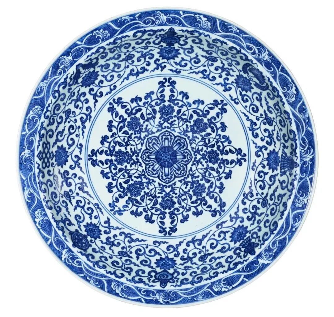 清雍正 青花宝相花莲托八吉祥纹折沿大盘
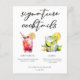 This chic signature cocktails menu sheet features custom black typography above 2 drinks and their ingredients for your wedding bar. A cute Dirty Shirley Temple and Mojito drawing add a cool flair to your bar menu. Complete with the couple's names and date for their reception.
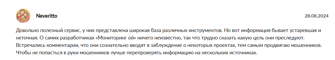 Но большинство предостерегает не пользоваться Monetory. Этот агрегатор обвиняют в продвижении скам-обменников. Также отмечают его нелегальную работу и отсутствие какой-либо информации о разработчиках. У большинства этот сервис не вызывает доверия. Отзывы, подтверждающие это, приведены ниже:
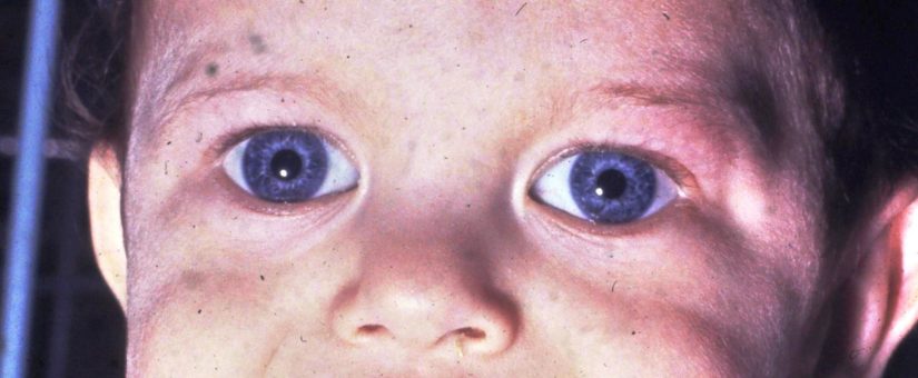 I (W. Wertelecki, M.D.) see a stigmatic face that is a facies (signal) of a syndrome – I also note an illustration of the irides – each iris is bluish (thin) and shows a stellate pattern (also a sign of thinness) – another facial sign is a relatively large mouth and small teeth separated by gaps. The history indicates this child is “very friendly, outgoing, and loves music” (please see additional comments).
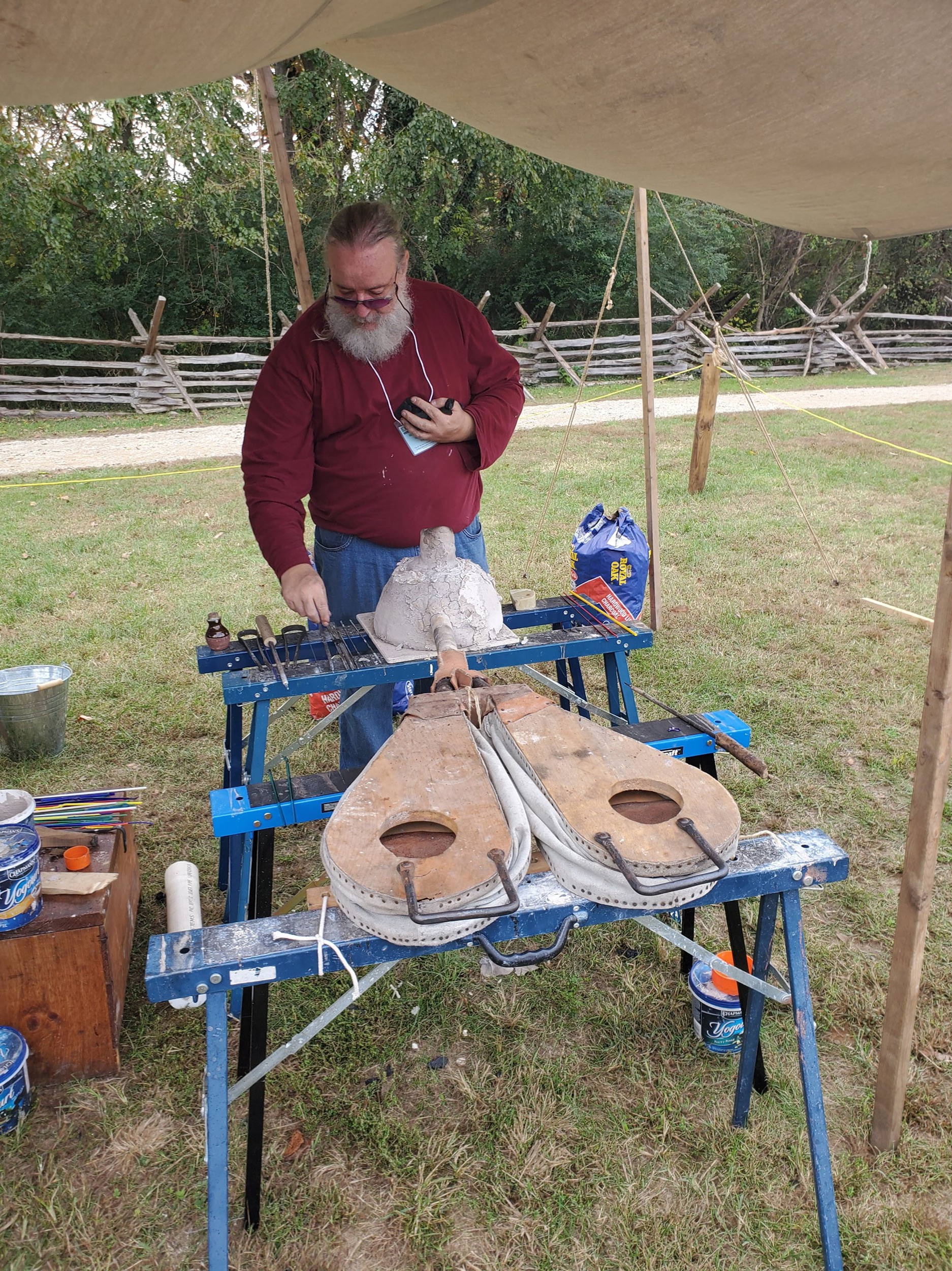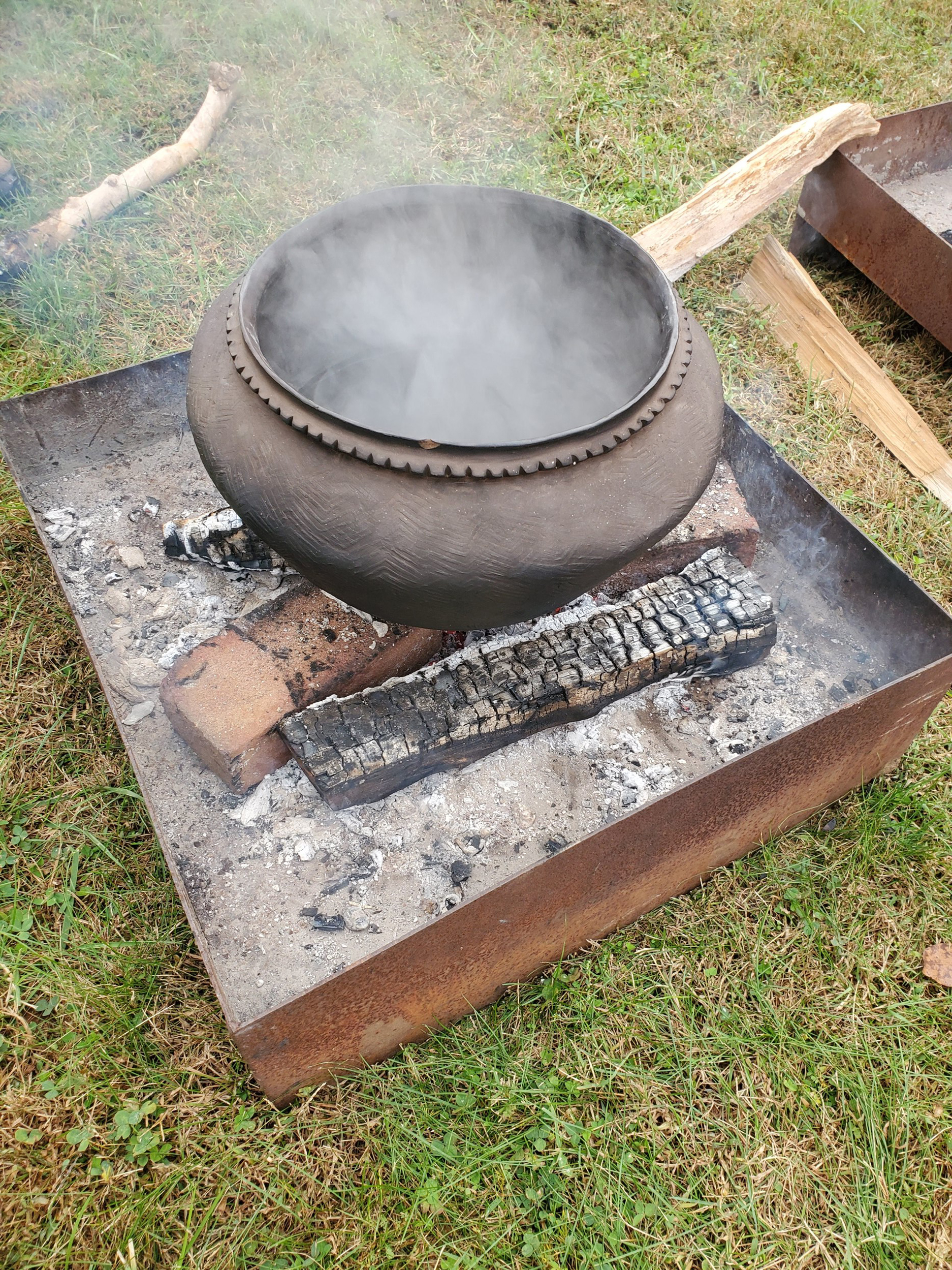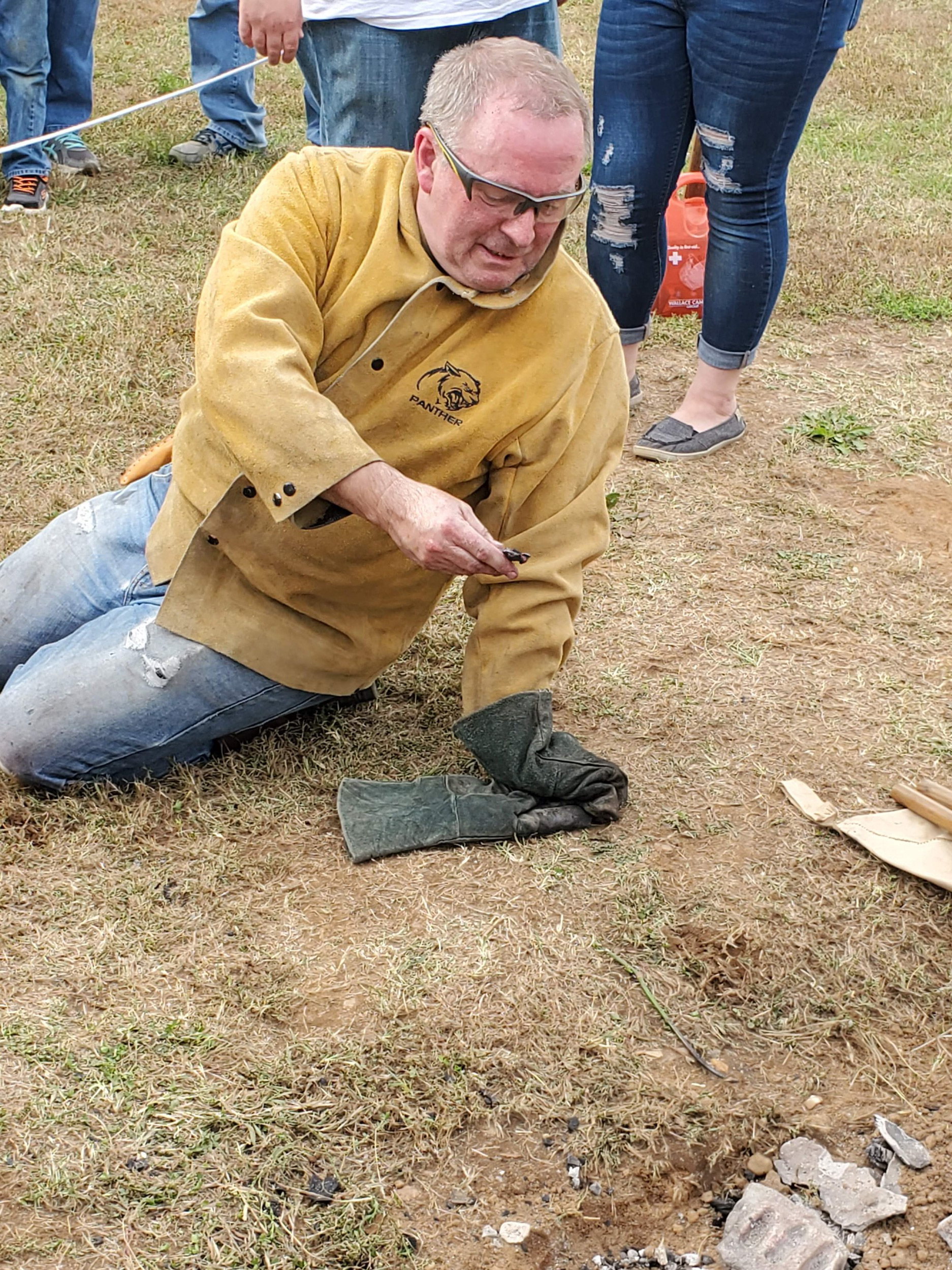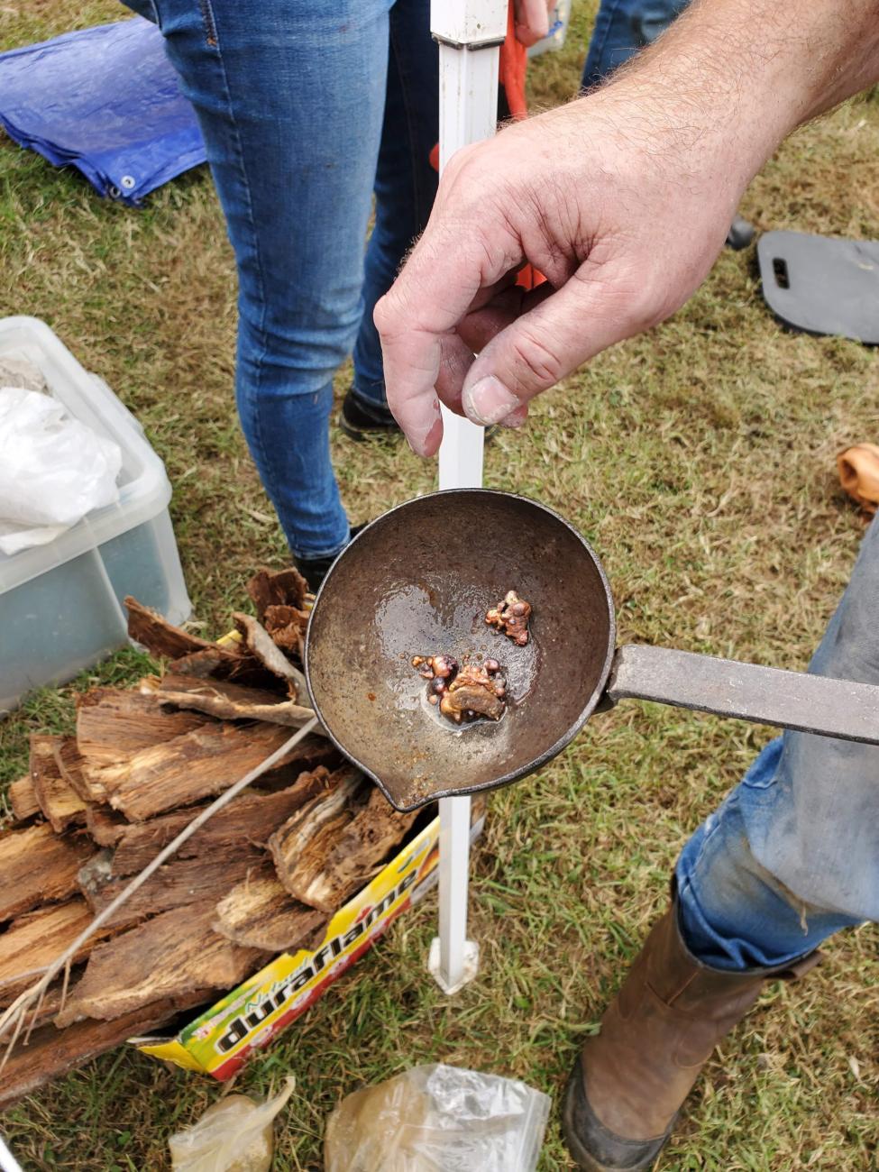Neil Peterson led many of us students in an interactive lesson of melting and forming glass beads over a small furnace. I felt lucky to be one of the few students who got to assist Fergus Milton with his bronze casting, spending nearly an hour and a half working the primitive bellows he had made in order to produce a small bronze axe head.
=-=-=-=-=
* _Exercise details_:
Start with the first line of the records above and end with the line containing "This chic signature". Output those lines exactly, pictures excluded.

* _Result for this task_:
 清雍正 青花宝相花莲托八吉祥纹折沿大盘
 This chic signature cocktails menu sheet features custom black typography above 2 drinks and their ingredients for your wedding bar. A cute Dirty Shirley Temple and Mojito drawing add a cool flair to your bar menu. Complete with the couple's names and date for their reception.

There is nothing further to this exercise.